We started leaving piles of copy paper and loose Sharpies near his desk, by his telephone, and anywhere else we knew he might be hanging out and thinking. If we were in a meeting with Chris, we’d casually sit next to him and plop down a pile of paper and pens, just hoping to catch a little more of that magic.
Well, it was a decent plan, we did collect a couple of gems that way, but I think Chris’s preferred medium was always the whiteboard. Maybe it had something to do with the fact that it was constantly being erased to put up new thoughts and ideas. Nothing was precious there. And he did continue to make those amazing drawings, in spite of the fact that Brett and I almost ruined it. When we stopped meddling, the drawings slowly returned.
I’m sure Chris never saw his creations the way we saw them, and watching the way he reacted to our admiration, I started to understand something about authenticity and inspiration. We were friends, so Chris didn’t expect us to pay that much attention to his sketches, AND THAT WAS THE KEY! He was at his best when he felt safe to express himself unconsciously and without scrutiny. I started noticing in my own creative process that I would often hit a roadblock when I was trying too hard to reason my way through my ideas. I would get hyper-focused and the whole thing would lock up. It was much easier to get to something true if I just trusted my feelings and only looked at the thing through a sideways glance.
But It’s an odd thing to practice: trying to work on a problem by loosely holding a fuzzy version of it in your periphery. Sometimes I’d go for a meandering walk and wind up somewhere I’d never been, or go sit on a rock in the park and just “zone out” for awhile. On a few occasions I literally spoke out loud to the problem: Hey, you strange little problem, tell me what your secret nature is… TELL ME, DAMMIT!
When it comes to making art, much of the good stuff, the real stuff, the authentic stuff comes from the unconscious. It’s the part of our mind that makes no value judgments and is unafraid to look foolish or weak or incorrect. It just doesn’t care. It understands the beautiful truths and ugly truths alike. The tricky part is in order for your unconscious to be so good at ignoring things like ego, doubt, and self-judgement, it has to operate in the background — far away from that stuff.
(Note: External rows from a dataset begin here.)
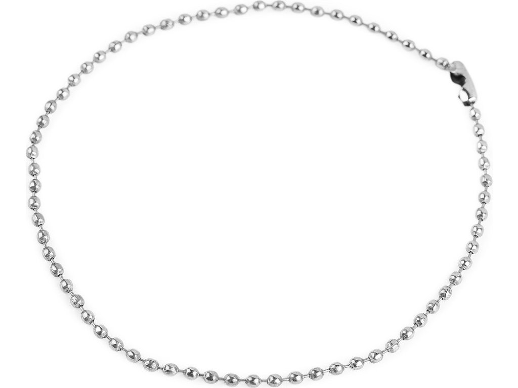 Kuličkový řetízek využijete k připevnění přívěsků na kabelky, tašky či jako poutko na kabáty, mikiny, bundy apod. Je vhodný také jako visačka na oděvy tam, kde nelze použít špendlík kvůli poškození oděvu. Řetízek připevníte jednoduše zaháknutím kuličky do očka. Kuličky mají průměr 2 mm.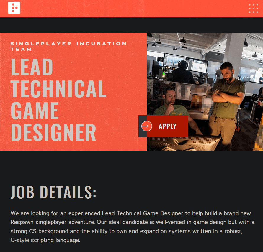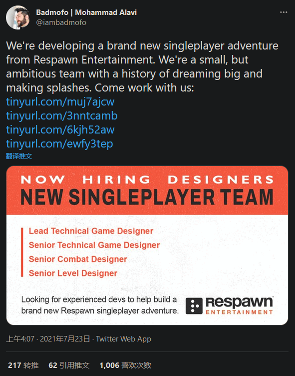 重生工作室创意总监Mohammad Alavi今天(7月23日)在推特上发推,表示工作室正在招募“全新单人游戏团队”职位。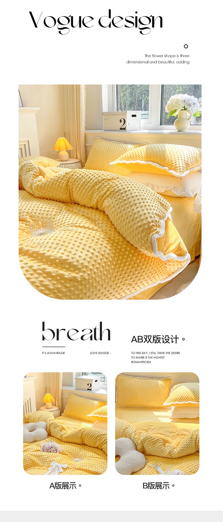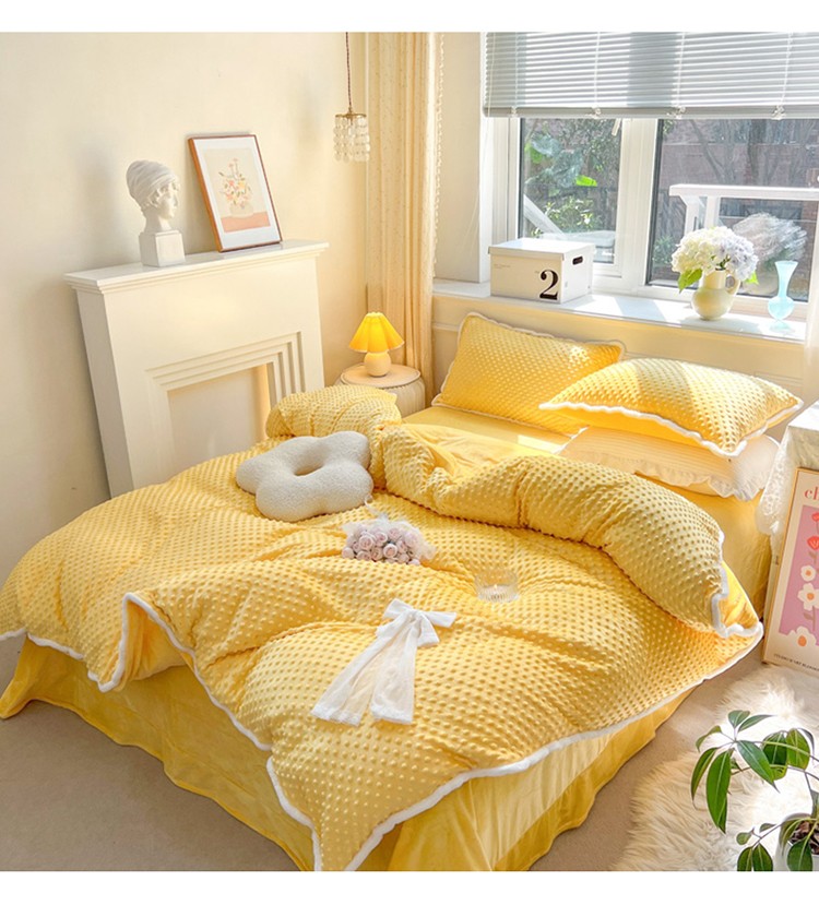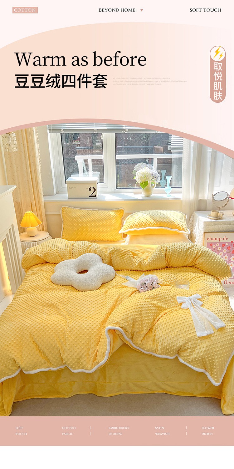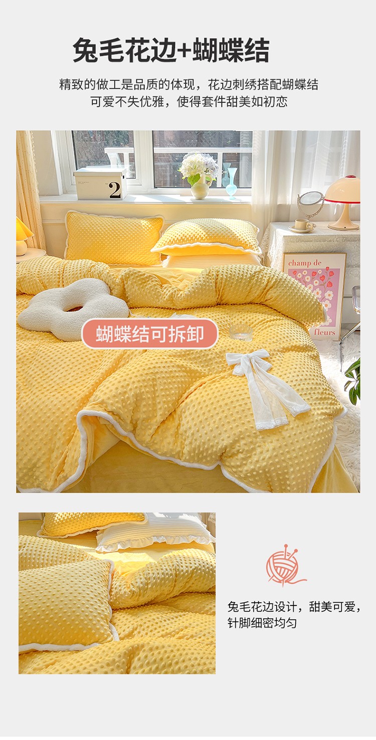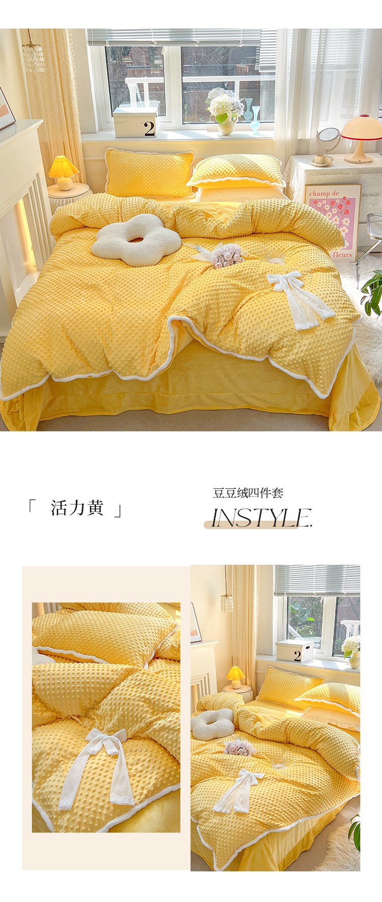 当前位置: 91家纺网 > 商品网购 > 床品套件 > 四件套 > 牛奶绒四件套 > 淑女公社22秋冬新款豆豆绒牛奶绒兔毛花边蝴蝶结款四件套活力黄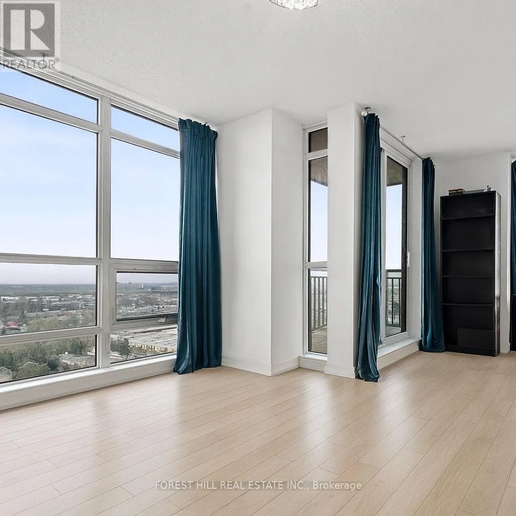Dufferin And Lawrence This Maranello home in the sky is in the highly sought-after Treviso 2. With 800 sq. ft. of beautifully designed space, boasts impeccable views, two opposite side bedrooms & an additional versatile den for the perfect work space. Two Contemporary 4-Piece Bathrooms Designed with the sleekest finishes for maximum comfort. All comes together with a perfect blend of modern elegance and all the city conveniences from tanset to entertainment. Floor-to-ceiling windows fills this home with natural light, offering panoramic views from every room. The open-concept layout seamlessly connects the living, dining, and kitchen area's with an island ideal for both entertaining and everyday living. Sleek laminate flooring throughout adds a touch of contemporary sophistication to your bright & spacious Living Area. Unwind while soaking in the breathtaking cityscape. Modern Kitchen Featuring designer cabinetry, premium appliances, and ample counter space for all your culinary adventures. Primary Retreat with expansive windows and a large closet. Second Bedroom, Perfect for kids, guests, family, or another stylish home office. Enjoy the added convenience of a dedicated parking spot and a locker for extra storage. This Treviso corner unit has been well cared for and offers an unbeatable combination of style, space, and city views. Whether you're looking for a luxurious home or a prime investment opportunity, this one is a must-see! (id:27476)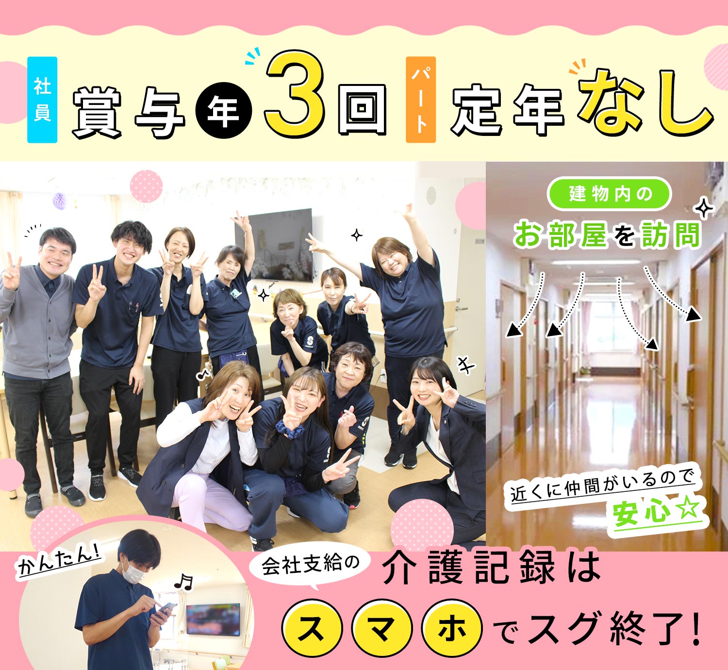 | 応募方法 | ◇ お気軽に【応募する】ボタンよりご応募ください ◇ 24時間受付中です 私服面接OK! まずは見学も歓迎!※希望者のみ 施設の雰囲気や一緒に働く仲間を見てからの応募でも大丈夫です。 □□□ 電話での応募も受付中! 「ジ ョ ブ ポ ス タ ー を見て応募したのですが」と、 お電話すると、スムーズです! |

Because of that, it’s impossible to access directly, and the only time it ever peeks out, is when it’s completely safe to do so. That’s why it often feels like a nervous little animal — because it’s so easy to scare off. All you have to do is be aware of it, and it’s GONE!
— — —
Years later, I wound up applying this idea to my work as a creative director. I was in charge of a group of designers/writers/editors/etc. After awhile, I realized that a large part of my job was to create an atmosphere where they could feel safe to express themselves and then just to get out of the way. It was their job to come up with fresh, new, surprising options, and it was my job to help them nudge those raw thoughts into something more solid/usable. I found the less I needed to meddle and tweak in those early stages, the more pure the ideas would remain… and more times than not, the more effective they would be.
And so I came up with this short statement as a reminder to myself:
CREATE & PROTECT an environment in which the most authentic part of our creative selves (the unconscious) feels safe to come out and play.